- **Available records**:
★ ★ ★ ★

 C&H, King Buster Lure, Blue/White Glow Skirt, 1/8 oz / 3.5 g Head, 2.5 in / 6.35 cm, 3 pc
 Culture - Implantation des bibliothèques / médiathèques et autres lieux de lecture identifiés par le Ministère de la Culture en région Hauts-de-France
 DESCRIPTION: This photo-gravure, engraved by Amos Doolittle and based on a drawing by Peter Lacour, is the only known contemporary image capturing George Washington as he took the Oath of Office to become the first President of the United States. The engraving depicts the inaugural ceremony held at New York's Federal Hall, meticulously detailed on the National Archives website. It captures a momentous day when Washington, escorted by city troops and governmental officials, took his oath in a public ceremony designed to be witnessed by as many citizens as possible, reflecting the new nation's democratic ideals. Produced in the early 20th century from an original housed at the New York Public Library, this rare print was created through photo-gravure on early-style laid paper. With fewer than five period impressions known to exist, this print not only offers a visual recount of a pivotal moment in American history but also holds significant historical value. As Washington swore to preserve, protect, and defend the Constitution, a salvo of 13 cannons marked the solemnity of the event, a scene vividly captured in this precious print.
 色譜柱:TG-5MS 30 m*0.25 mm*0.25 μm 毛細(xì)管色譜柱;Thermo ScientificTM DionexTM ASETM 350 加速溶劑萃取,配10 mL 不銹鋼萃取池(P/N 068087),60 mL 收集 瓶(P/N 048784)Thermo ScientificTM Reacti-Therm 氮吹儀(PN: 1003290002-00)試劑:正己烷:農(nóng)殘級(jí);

★ ★ ★ ★

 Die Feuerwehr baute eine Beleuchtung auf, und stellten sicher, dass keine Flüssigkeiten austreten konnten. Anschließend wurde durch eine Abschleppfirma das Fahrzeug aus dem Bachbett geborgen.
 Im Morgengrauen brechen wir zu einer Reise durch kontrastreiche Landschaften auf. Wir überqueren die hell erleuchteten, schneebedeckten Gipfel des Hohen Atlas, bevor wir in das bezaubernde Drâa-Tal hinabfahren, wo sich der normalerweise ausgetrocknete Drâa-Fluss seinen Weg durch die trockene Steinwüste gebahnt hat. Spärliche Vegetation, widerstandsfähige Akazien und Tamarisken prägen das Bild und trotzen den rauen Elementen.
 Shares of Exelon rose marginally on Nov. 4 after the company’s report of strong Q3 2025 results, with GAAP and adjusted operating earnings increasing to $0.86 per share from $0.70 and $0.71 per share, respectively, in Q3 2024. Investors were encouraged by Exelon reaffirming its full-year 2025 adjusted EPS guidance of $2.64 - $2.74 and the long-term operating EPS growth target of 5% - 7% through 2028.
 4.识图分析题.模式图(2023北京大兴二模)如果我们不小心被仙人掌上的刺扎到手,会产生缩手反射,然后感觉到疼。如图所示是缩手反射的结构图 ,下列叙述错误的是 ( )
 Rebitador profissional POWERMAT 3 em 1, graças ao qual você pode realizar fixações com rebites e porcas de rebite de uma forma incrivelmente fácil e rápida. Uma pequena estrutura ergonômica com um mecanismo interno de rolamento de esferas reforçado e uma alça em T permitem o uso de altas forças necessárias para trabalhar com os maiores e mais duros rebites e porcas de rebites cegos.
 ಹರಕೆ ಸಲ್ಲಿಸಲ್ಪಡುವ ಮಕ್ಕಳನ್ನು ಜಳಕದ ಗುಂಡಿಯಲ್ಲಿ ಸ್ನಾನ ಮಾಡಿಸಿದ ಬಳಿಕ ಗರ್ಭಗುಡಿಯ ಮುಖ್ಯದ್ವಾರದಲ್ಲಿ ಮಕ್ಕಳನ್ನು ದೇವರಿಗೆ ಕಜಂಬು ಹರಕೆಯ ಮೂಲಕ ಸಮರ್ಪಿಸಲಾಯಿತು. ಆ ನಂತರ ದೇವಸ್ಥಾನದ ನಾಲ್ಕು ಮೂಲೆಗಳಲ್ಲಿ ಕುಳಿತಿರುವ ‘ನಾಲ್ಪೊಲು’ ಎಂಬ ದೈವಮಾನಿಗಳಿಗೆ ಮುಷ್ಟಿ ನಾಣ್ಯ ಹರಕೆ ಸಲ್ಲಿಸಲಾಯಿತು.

★ ★ ★ ★

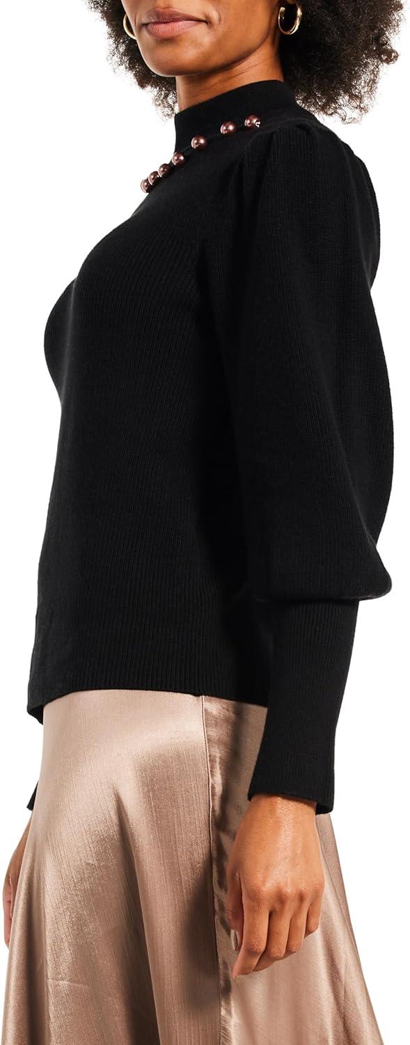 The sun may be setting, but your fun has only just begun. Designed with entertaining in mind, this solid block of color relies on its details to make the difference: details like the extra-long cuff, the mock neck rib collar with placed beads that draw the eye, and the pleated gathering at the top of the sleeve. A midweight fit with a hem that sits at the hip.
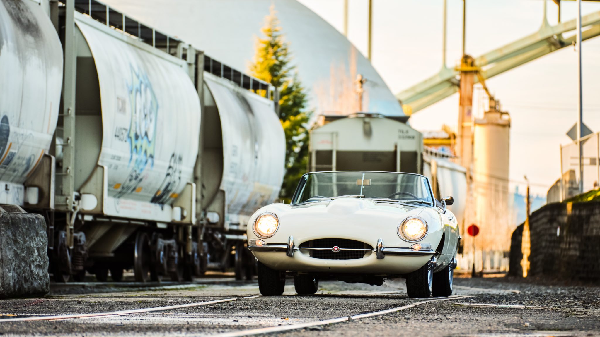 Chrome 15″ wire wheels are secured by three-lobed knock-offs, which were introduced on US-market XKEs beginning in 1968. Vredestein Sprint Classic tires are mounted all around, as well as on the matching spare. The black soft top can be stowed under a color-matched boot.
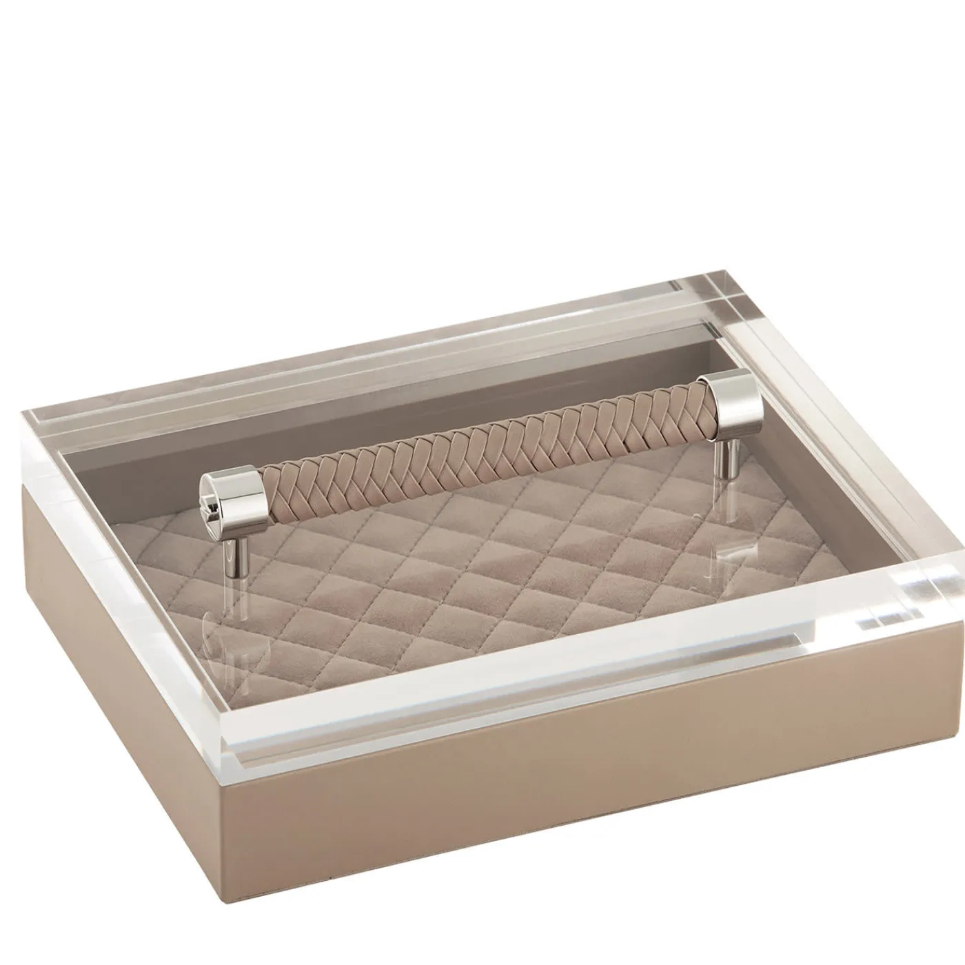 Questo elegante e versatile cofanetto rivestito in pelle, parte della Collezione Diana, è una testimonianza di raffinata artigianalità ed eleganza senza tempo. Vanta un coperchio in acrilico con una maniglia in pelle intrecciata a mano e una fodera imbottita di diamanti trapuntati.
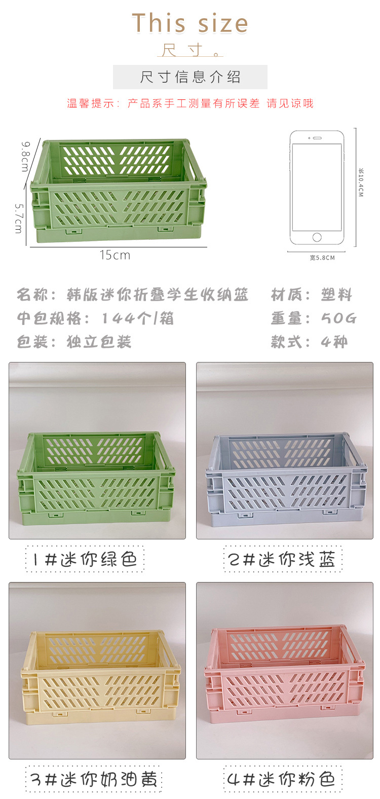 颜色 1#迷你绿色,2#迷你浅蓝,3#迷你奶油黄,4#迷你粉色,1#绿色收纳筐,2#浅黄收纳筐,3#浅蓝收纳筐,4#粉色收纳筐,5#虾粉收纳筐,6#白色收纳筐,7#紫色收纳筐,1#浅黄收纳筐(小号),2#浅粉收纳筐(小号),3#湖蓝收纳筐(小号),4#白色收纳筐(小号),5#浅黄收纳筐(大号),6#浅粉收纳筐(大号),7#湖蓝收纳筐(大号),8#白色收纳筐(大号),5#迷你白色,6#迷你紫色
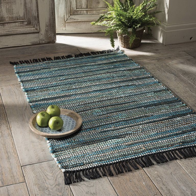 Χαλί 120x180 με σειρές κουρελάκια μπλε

★ ★ ★ ★

After locating the line holding "C&H, King Buster" above, output exactly that line and every line after it through the line holding "色譜柱:TG-5MS 30 m*0.25". Include nothing else.

 C&H, King Buster Lure, Blue/White Glow Skirt, 1/8 oz / 3.5 g Head, 2.5 in / 6.35 cm, 3 pc
 Culture - Implantation des bibliothèques / médiathèques et autres lieux de lecture identifiés par le Ministère de la Culture en région Hauts-de-France
 DESCRIPTION: This photo-gravure, engraved by Amos Doolittle and based on a drawing by Peter Lacour, is the only known contemporary image capturing George Washington as he took the Oath of Office to become the first President of the United States. The engraving depicts the inaugural ceremony held at New York's Federal Hall, meticulously detailed on the National Archives website. It captures a momentous day when Washington, escorted by city troops and governmental officials, took his oath in a public ceremony designed to be witnessed by as many citizens as possible, reflecting the new nation's democratic ideals. Produced in the early 20th century from an original housed at the New York Public Library, this rare print was created through photo-gravure on early-style laid paper. With fewer than five period impressions known to exist, this print not only offers a visual recount of a pivotal moment in American history but also holds significant historical value. As Washington swore to preserve, protect, and defend the Constitution, a salvo of 13 cannons marked the solemnity of the event, a scene vividly captured in this precious print.
 色譜柱:TG-5MS 30 m*0.25 mm*0.25 μm 毛細(xì)管色譜柱;Thermo ScientificTM DionexTM ASETM 350 加速溶劑萃取,配10 mL 不銹鋼萃取池(P/N 068087),60 mL 收集 瓶(P/N 048784)Thermo ScientificTM Reacti-Therm 氮吹儀(PN: 1003290002-00)試劑:正己烷:農(nóng)殘級(jí);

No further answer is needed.